Top of SOURCE MATERIAL
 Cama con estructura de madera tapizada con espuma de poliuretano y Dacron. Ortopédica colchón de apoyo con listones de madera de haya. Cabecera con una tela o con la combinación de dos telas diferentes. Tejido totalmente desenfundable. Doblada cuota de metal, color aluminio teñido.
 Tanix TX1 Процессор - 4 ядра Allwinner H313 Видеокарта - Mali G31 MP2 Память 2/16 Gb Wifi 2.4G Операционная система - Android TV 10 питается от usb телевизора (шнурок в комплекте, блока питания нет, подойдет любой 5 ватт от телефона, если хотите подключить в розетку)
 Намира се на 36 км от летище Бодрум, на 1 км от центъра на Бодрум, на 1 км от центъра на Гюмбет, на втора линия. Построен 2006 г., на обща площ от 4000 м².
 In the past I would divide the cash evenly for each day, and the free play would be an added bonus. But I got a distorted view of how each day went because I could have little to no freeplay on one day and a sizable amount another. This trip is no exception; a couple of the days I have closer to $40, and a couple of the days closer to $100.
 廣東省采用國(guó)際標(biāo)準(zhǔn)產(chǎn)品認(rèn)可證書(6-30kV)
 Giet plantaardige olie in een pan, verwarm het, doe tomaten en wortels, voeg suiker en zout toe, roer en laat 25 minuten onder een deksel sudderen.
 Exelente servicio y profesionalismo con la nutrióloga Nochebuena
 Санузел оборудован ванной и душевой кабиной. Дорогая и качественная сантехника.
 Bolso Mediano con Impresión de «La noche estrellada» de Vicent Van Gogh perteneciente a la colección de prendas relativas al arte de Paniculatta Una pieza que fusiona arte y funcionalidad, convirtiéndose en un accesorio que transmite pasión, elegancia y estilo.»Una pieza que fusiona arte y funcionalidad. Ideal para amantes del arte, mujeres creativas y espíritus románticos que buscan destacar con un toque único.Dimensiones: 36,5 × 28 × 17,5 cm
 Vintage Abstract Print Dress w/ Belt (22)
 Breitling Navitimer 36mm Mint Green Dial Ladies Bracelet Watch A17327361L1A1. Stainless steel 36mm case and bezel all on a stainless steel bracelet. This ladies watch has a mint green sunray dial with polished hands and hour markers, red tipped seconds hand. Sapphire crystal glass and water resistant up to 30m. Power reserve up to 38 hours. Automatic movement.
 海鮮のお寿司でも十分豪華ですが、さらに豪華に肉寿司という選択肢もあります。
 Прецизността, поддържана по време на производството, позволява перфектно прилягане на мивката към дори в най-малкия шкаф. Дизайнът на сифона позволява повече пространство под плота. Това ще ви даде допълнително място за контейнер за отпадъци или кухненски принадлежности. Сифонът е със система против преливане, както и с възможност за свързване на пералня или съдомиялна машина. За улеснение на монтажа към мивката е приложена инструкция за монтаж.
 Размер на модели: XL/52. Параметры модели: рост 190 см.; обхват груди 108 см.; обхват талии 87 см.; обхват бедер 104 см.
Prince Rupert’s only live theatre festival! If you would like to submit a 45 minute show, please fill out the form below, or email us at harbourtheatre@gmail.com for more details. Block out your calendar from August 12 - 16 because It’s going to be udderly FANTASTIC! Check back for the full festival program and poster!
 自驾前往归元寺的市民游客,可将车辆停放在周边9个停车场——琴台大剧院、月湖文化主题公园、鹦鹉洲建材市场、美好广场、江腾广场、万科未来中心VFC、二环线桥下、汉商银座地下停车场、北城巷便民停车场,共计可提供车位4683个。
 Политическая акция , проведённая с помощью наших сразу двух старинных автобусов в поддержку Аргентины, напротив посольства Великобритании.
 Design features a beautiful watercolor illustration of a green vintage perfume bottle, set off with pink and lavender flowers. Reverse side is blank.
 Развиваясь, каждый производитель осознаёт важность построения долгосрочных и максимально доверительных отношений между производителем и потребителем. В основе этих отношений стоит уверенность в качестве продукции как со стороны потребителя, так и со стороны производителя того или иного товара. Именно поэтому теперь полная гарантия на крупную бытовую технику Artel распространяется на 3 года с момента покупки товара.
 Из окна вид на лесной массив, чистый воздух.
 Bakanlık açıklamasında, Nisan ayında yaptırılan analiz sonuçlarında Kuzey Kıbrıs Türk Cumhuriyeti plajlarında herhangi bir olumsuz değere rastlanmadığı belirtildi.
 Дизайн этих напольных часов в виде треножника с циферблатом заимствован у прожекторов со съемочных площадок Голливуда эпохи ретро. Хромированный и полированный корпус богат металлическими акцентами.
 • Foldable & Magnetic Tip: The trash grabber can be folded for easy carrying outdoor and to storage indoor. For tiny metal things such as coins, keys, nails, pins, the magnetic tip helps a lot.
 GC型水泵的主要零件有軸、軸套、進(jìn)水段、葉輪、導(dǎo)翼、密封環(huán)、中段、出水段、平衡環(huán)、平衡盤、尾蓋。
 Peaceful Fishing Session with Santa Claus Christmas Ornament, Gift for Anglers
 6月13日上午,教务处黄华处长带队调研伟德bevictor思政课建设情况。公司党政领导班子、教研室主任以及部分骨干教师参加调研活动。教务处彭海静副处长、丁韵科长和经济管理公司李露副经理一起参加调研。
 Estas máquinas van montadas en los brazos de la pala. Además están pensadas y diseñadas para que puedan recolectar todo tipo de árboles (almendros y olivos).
Bottom of SOURCE MATERIAL
Search the entries for the word "metal", then list each line that holds it.

 Cama con estructura de madera tapizada con espuma de poliuretano y Dacron. Ortopédica colchón de apoyo con listones de madera de haya. Cabecera con una tela o con la combinación de dos telas diferentes. Tejido totalmente desenfundable. Doblada cuota de metal, color aluminio teñido.
 • Foldable & Magnetic Tip: The trash grabber can be folded for easy carrying outdoor and to storage indoor. For tiny metal things such as coins, keys, nails, pins, the magnetic tip helps a lot.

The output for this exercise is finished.